**Task requirements:** Go through the data and copy every line exactly, but not the images.

**Data extract:**

#####

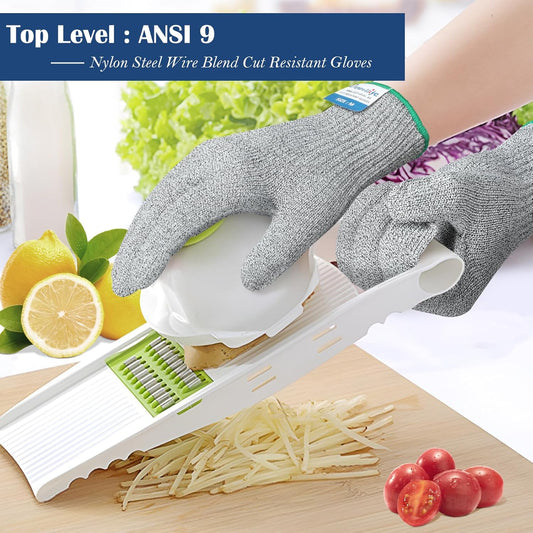 Dowellife Soft Level 9 Cut Resistant Gloves Food Grade, Steel Wire Mixed Kitchen Safety Gloves for Chef Oyster Shucking Mandoline Knife Butcher Meat Cutting Carving (Large)
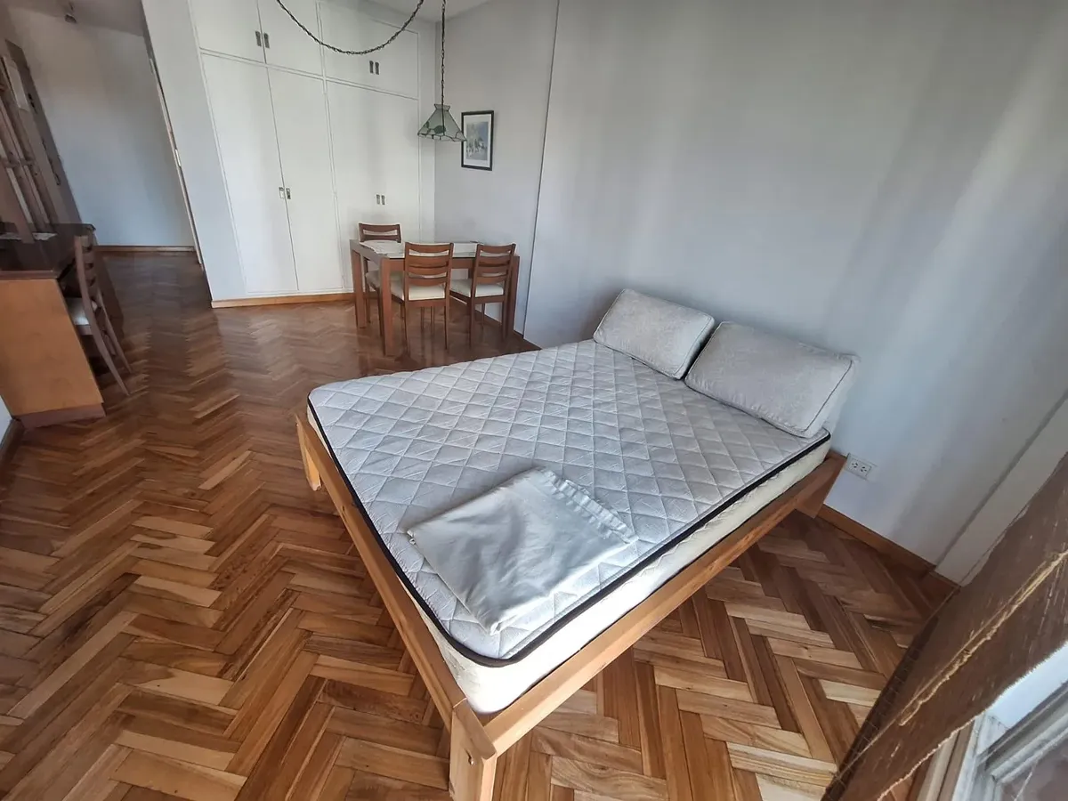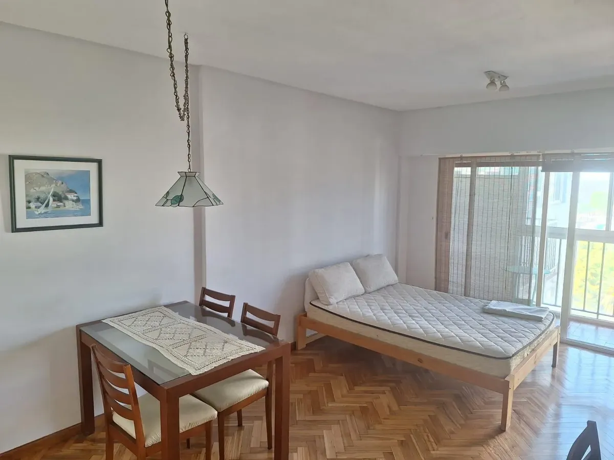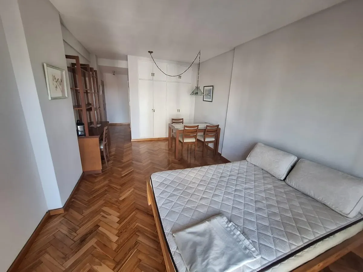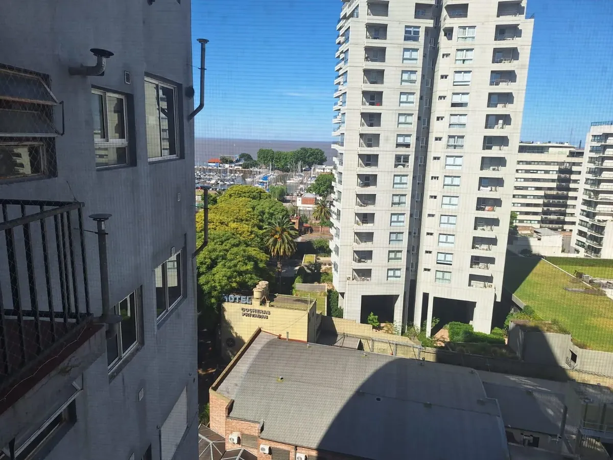 Studio apartment in Olivos with views of the port. Courtyard-facing (contrafrente), with a separate kitchen and a built-in closet. The building is about 30 years old and has utilities including running water, drainage (cloacas) and electricity. Monthly building fees (expensas) are approximately $150,000.
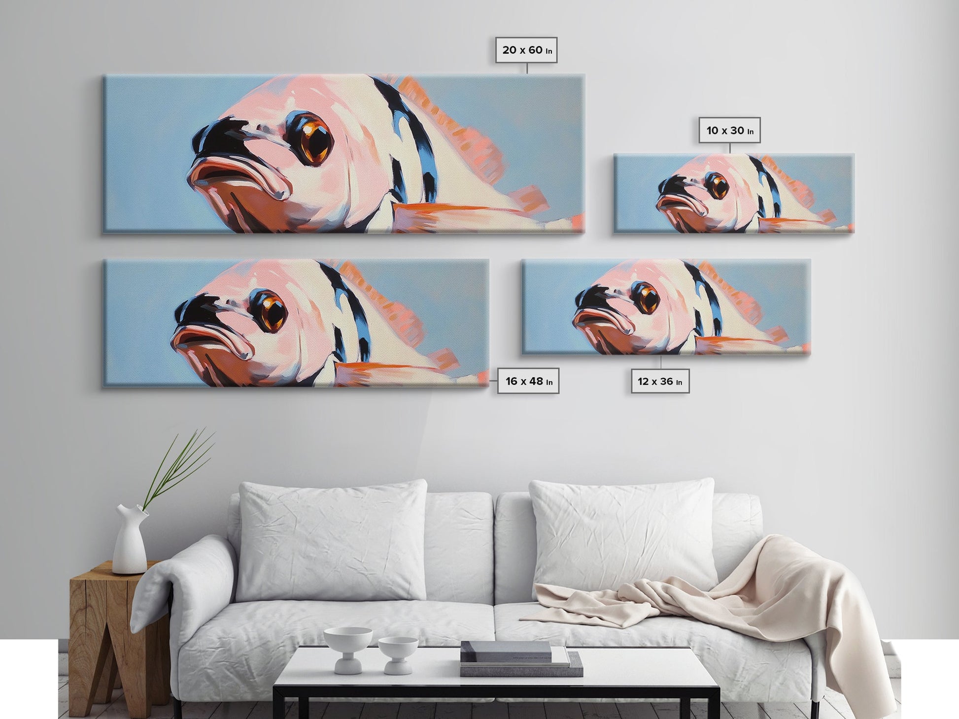 Vibrant Fish, Ocean Life, Marine Art, Framed Canvas Print, Coastal Wall Decor, Nautical Living Room Art, Tropical Fish Painting

#####

**Task response:**
 Dowellife Soft Level 9 Cut Resistant Gloves Food Grade, Steel Wire Mixed Kitchen Safety Gloves for Chef Oyster Shucking Mandoline Knife Butcher Meat Cutting Carving (Large)
 Studio apartment in Olivos with views of the port. Courtyard-facing (contrafrente), with a separate kitchen and a built-in closet. The building is about 30 years old and has utilities including running water, drainage (cloacas) and electricity. Monthly building fees (expensas) are approximately $150,000.
 Vibrant Fish, Ocean Life, Marine Art, Framed Canvas Print, Coastal Wall Decor, Nautical Living Room Art, Tropical Fish Painting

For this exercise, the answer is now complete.